Decyzja o podjęciu psychoterapii jest bardzo indywidualna, wymaga czasu, skupienia, przemyślenia, bezpiecznych warunków, ale też wiedzy jakie są jej rodzaje i który z nich wydaje się być dla Ciebie najbardziej odpowiedni.

Jest kilka rodzajów psychoterapii:

  • Terapia poznawczo-behawioralna.
  • Terapia Gestalt.
  • Terapia psychodynamiczna.
  • Terapia humanistyczna.
  • Terapia systemowa.
  • Terapia analityczna.
  • Terapia integracyjna.
  • Terapia skoncentrowana na rozwiązaniach (TSR).
  • Terapia procesu.

Każdą z nich omówimy szczegółowo w kolejnej publikacji.

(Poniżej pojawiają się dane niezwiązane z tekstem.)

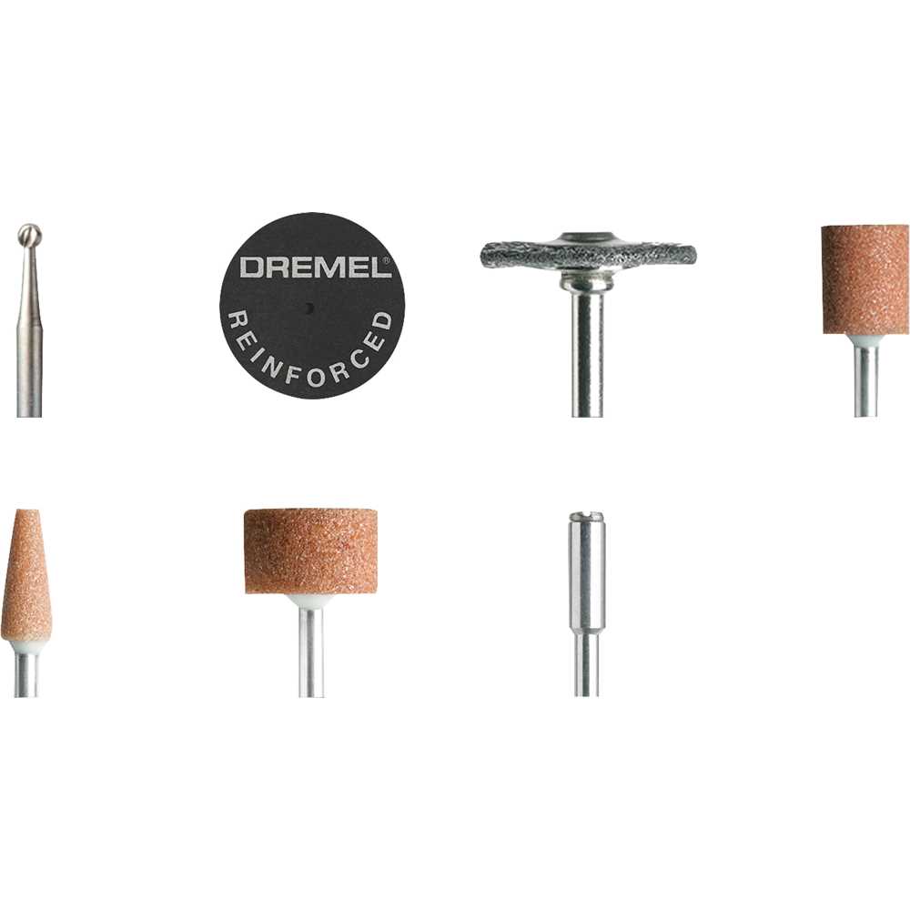 1 Jogo de acessórios para esculpir e gravar, composto por: 1 fresa de gravar de 2,4 mm (107), 1 pedra de esmerilhar de óxido de alumínio de 15,9 mm (8193), 1 pedra de esmerilhar de óxido de alumínio de 9,5 mm (932), 1 pedra de esmerilhar de óxido de alumínio de 6,4 mm (953), 1 mandril (402), 1 escova de aço carbono de 19 mm (428-02) e 10 discos de corte de 32 mm (426B AU).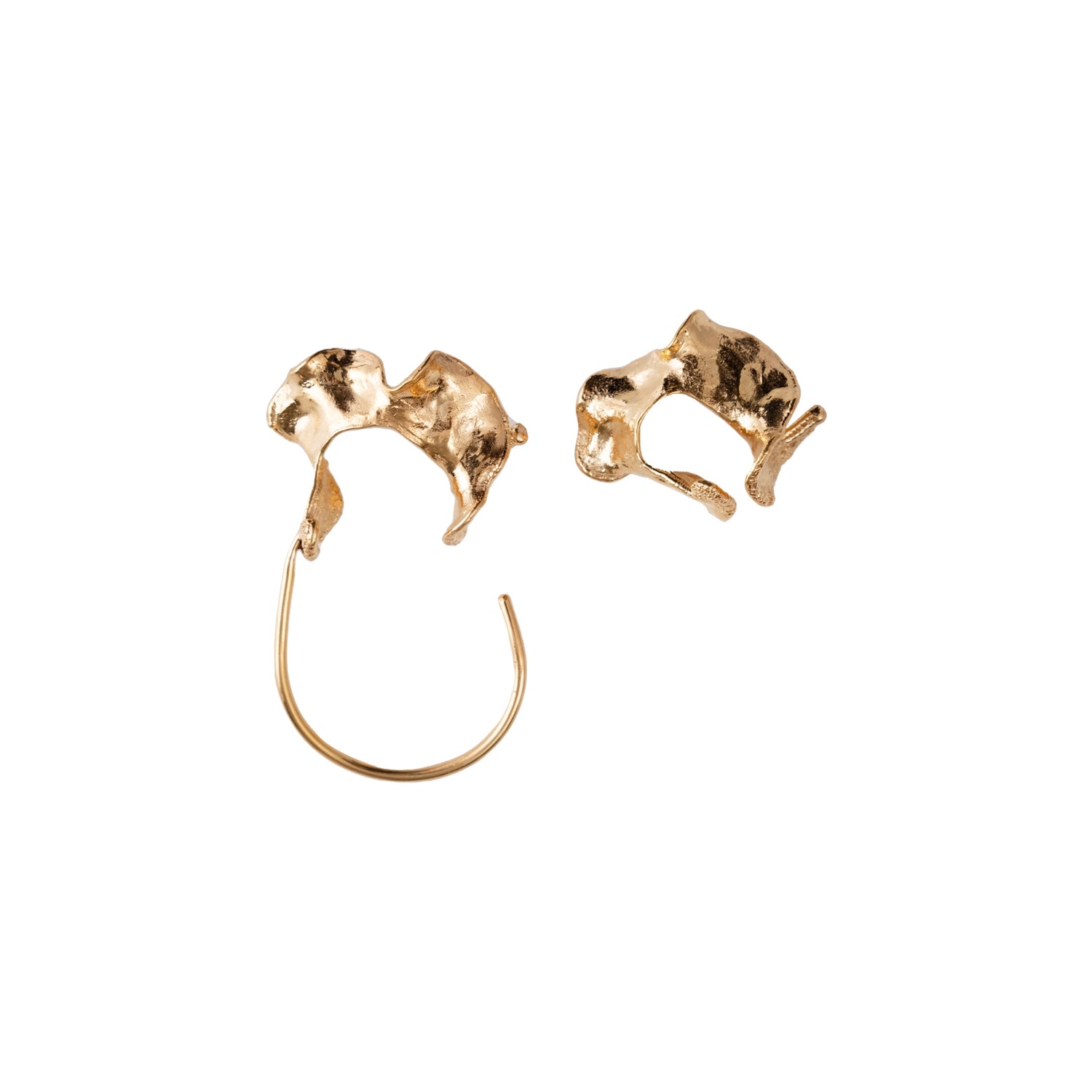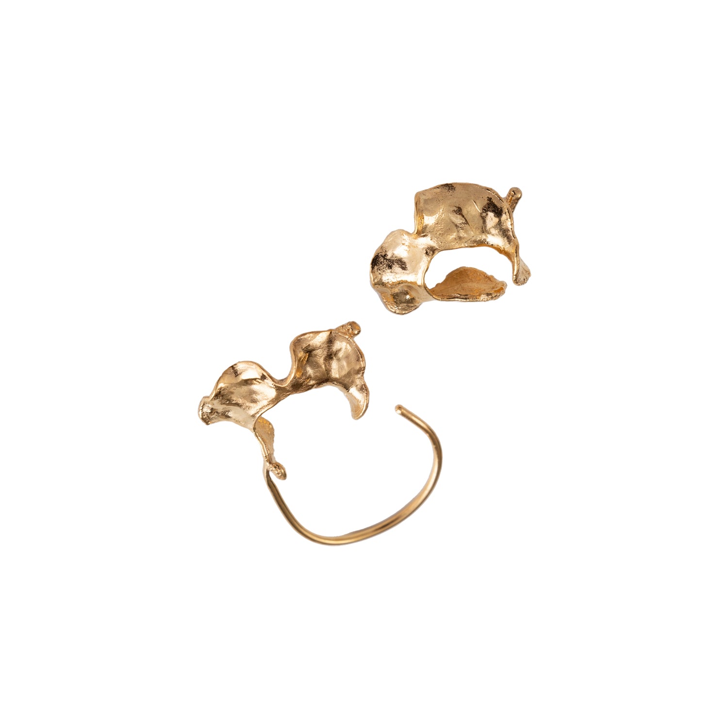 Swirl ear cuff is a set of two ear cuffs. Made of 24K gold-plated silver, also can be wore on the left and right ear separately. To elevate your look, use the set on your one ear (could be left or right) and try to match it with your small diamond studs.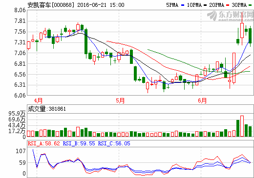 17日新能源汽車概念股盤后統計 安凱客車漲幅6.59%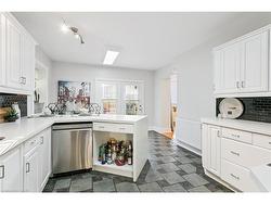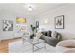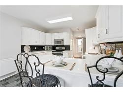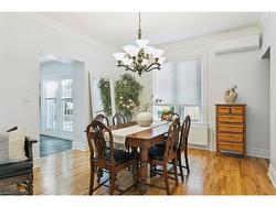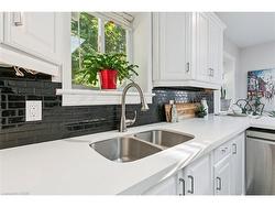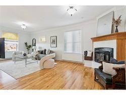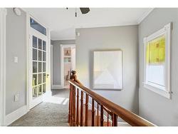 This beautifully maintained 2000 sq. ft. double-brick home, built circa 1900's, blends historic character with modern updates. Features include hardwood floors, crown mouldings, high ceilings, stained-glass windows, and the original staircase railings. The spacious kitchen offers new appliances and a walkout to the wrap-around deck. With 3 bedrooms and 1.5 bathrooms, a versatile loft with skylights, a gas fireplace, and approximately 500 sq. ft. of basement storage, this home is both functional and charming. 200 amp electrical service, plumbing, and roof shingles (approx. 6 years old) have all been updated. Enjoy a private backyard backing onto a wooded area and sunset views from the elevated front patio. Walking distance to downtown Hespeler, schools, parks, and trails, and only five minutes to Hwy 401.
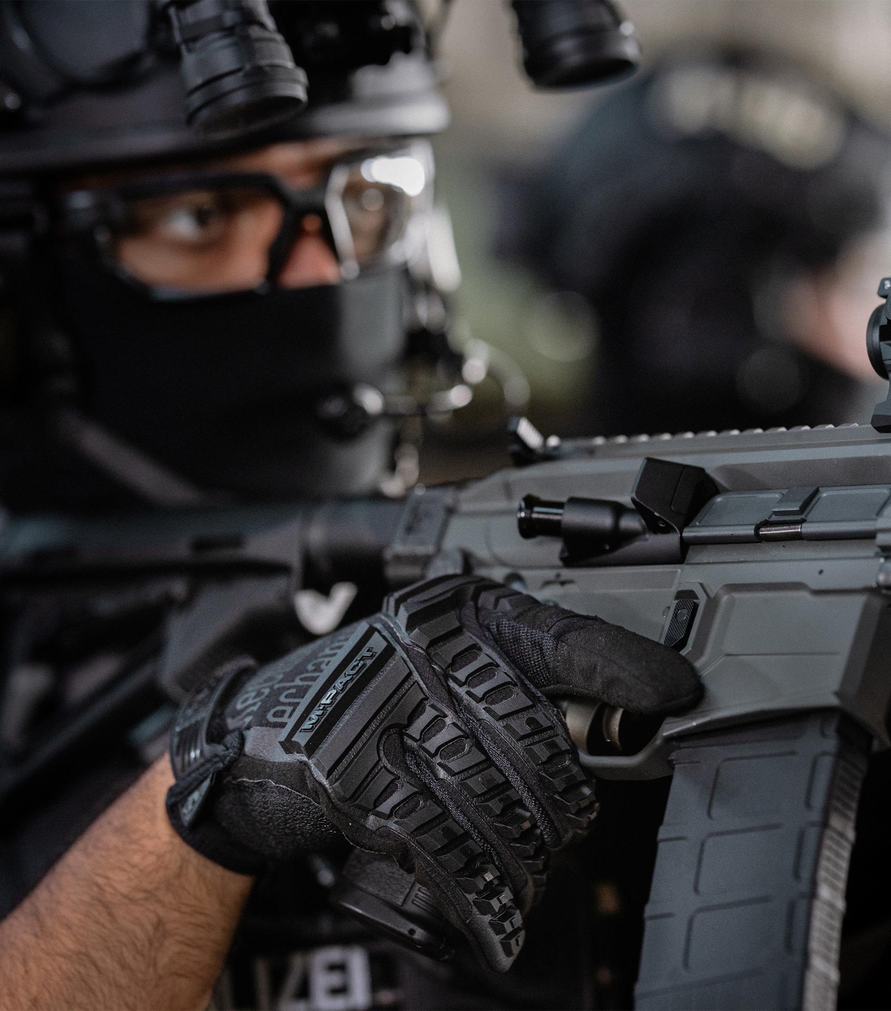 Указательный и большой палец дополнительно усилены и снабжены рельефной поверхностью для лучшего сцепления с инструментом. У основания пальцев расположена специальная панель, повышающая контроль и устойчивость захвата.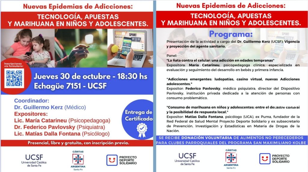 El próximo jueves 30 de octubre a las 18:30 hs, se llevará a cabo en la Universidad Católica de Santa Fe, el seminario “Nuevas Epidemias de Adicciones: Tecnología, Apuestas y Marihuana en Niños y Adolescentes”, un encuentro destinado a reflexionar sobre los desafíos contemporáneos en salud mental infantojuvenil.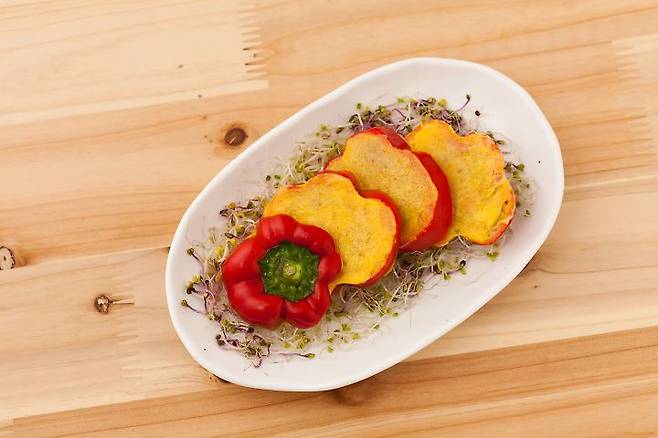 참치와 두부를 넣어 포만감을 주고 단백질도 보충할 수 있는 ‘파프리카 참치전’. 먼저 깨끗이 씻은 파프리카를 1cm 간격으로 잘라 링모양을 만들고, 씨는 발라낸다. 참치는 기름기를 완전히 제거한다. 두부를 물기를 꽉 짠 후, 칼등으로 으깨준다. 양파와 청양고추는 잘게 다져 준비한다. 볼에 참치, 으깬 두부, 양파, 청양고추를 넣고 고루 섞은 후, 밀가루 1큰술을 넣고 한번 더 섞어준다. 소금과 후추로 간한다. 달걀 2~3개를 풀어 달걀물을 준비한다. 썰어둔 파프리카 링 안쪽에 밀가루로 살짝 묻혀준다. 준비한 속재료를 가운데가 오목하도록 담아준다. 달걀옷을 입혀준다. 기름을 달군 팬에 앞뒤로 노릇노릇하게 익혀준다.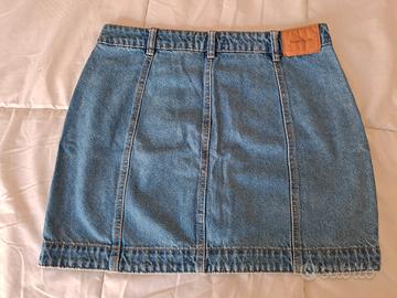 Gonna in denim, chiusura a bottoni , tasche anteriori .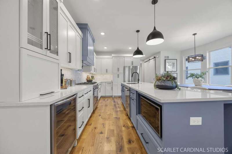 Looking for luxury living just steps from the Metra Train and Downtown Naperville? Welcome to 715 N Brainard Street, a truly exceptional custom-built duplex offering over 4,000 square feet of finely curated living space spanning four impressive levels - all within walking distance from the 5th Avenue Metra station! Offering every attention to detail, including 4 bedrooms; 5 full bathrooms; Marvin windows; Pinnacle stairs; custom cabinetry by Homeowners Dream Custom Cabinets; maintenance-free James Hardie siding; a spacious 2-car detached garage; and an incredible layout designed for both comfort and style, this home is the definition of luxury living in one of Naperville's most sought-after locations. Step through a covered entry and enjoy an expertly curated space boasting white oak flooring, hand-picked designer lighting, and elevated finishes throughout. The main level features a welcoming foyer with a coat closet, a full bathroom, and a flexible office space ideal for use as a workspace or additional bedroom. The open-concept main living space seamlessly connects the chef's kitchen, dining area, and spacious family room. Designed for both function and flair, the kitchen boasts soft-close custom cabinetry by Homeowners Dream; roll-out drawers; a walk-in pantry; large center island; pot filler; beverage refrigerator; and even a dedicated garbage disposal button - every element selected with luxury in mind. A cozy 3-season room and mudroom with built-in cubbies offer additional space designed for everyday living. An elegant white oak staircase, crafted by Naperville's own Pinnacle Stairs, leads to a second level featuring an exquisite primary suite with a spa-inspired bathroom offering a dual sink vanity, large walk-in shower, private toilet closet, and an oversized walk-in closet. Two additional bedrooms with ample closet space, a shared hall bath, and a conveniently located laundry room complete the second level. Upstairs, the third-floor retreat serves as a versatile bonus room with its own full bath and ample closet space - perfect for a home theater, fitness studio, or guest suite! The finished basement offers 9-foot ceilings, a spacious rec area, a bar with beverage fridge, an additional full bathroom, a 4th bedroom, and generous storage - all with sound-reducing drop ceilings for added comfort. This is more than just a home - it's a lifestyle upgrade in the heart of Downtown Naperville. Don't miss your opportunity to rent a thoughtfully designed residence that perfectly blends timeless craftsmanship with today's most sought after amenities!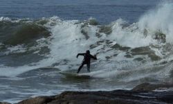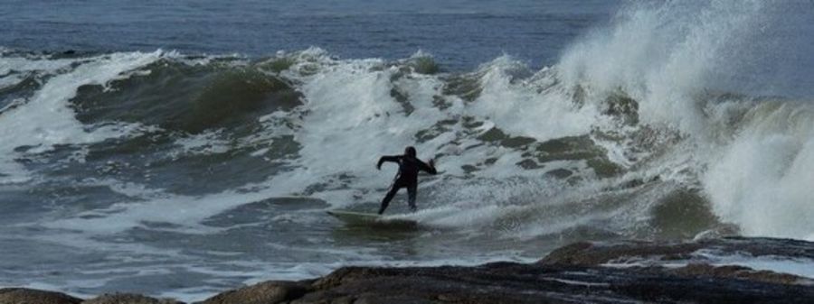 It starts with a drop in front of the rocks, then a very very long wall with some tube sections.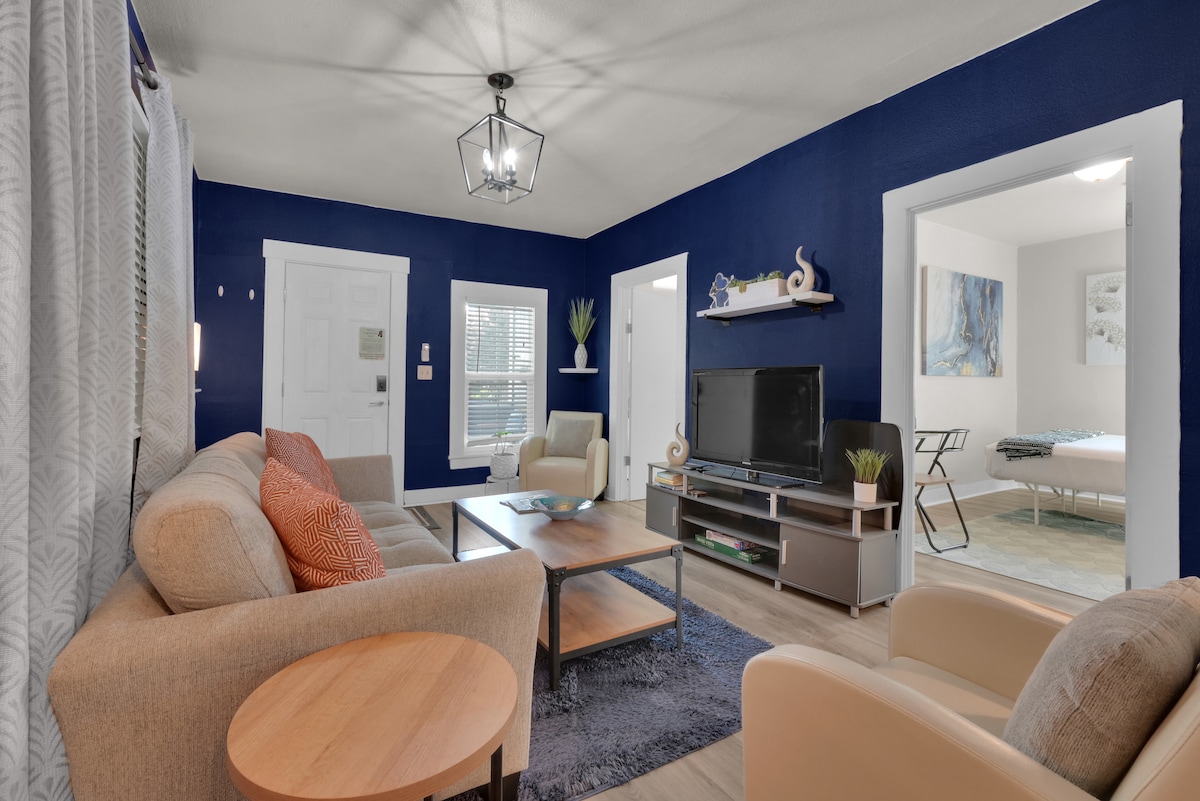 Step into a timeless retreat! Built in the 1950s, this home seamlessly blends vintage charm with modern upgrades. Revel in two inviting bedrooms, each boasting a cozy queen-sized bed and ample closet space. Unwind on the brand new couch in the living room, so you can be cozy and comfy while relaxing. The galley-style kitchen is a culinary haven, featuring a full range, refrigerator, microwave, and coffee maker. Immerse yourself in the culinary arts with provided utensils for seamless cooking and dining experiences. Embrace the allure of the past with the convenience of the present in this meticulously updated gem.

Zachęcamy do zadawania sobie pytań –

  • Czy to jest miejsce pracy, które mi odpowiada?
  • Czy jestem w nim sobą? (oczywiście na tyle na ile mogę być w miejscu pracy).
  • Czy ta praca mnie ubogaca czy deprecjonuje?
  • Czy jestem w ogóle świadomy swojego położenia w miejscu pracy?
  • Czy wiem co się dzieje ze mną oraz wokół mnie i dlaczego? 
  • Czy to co robię jest ze mną w zgodzie czy wbrew mnie?
  • Czy i jak długo chcę tam pracować?
  • Czy i co mogę zmienić?

Jeśli coś w Twojej pracy zawodowej nie „gra”, najważniejsze abyś w tym nie tkwił, tylko przemyślał i skonsultował to. W większości przypadków, sami tego nie „wymyślimy”.

Tylko w psychoterapii dotrzemy do sedna.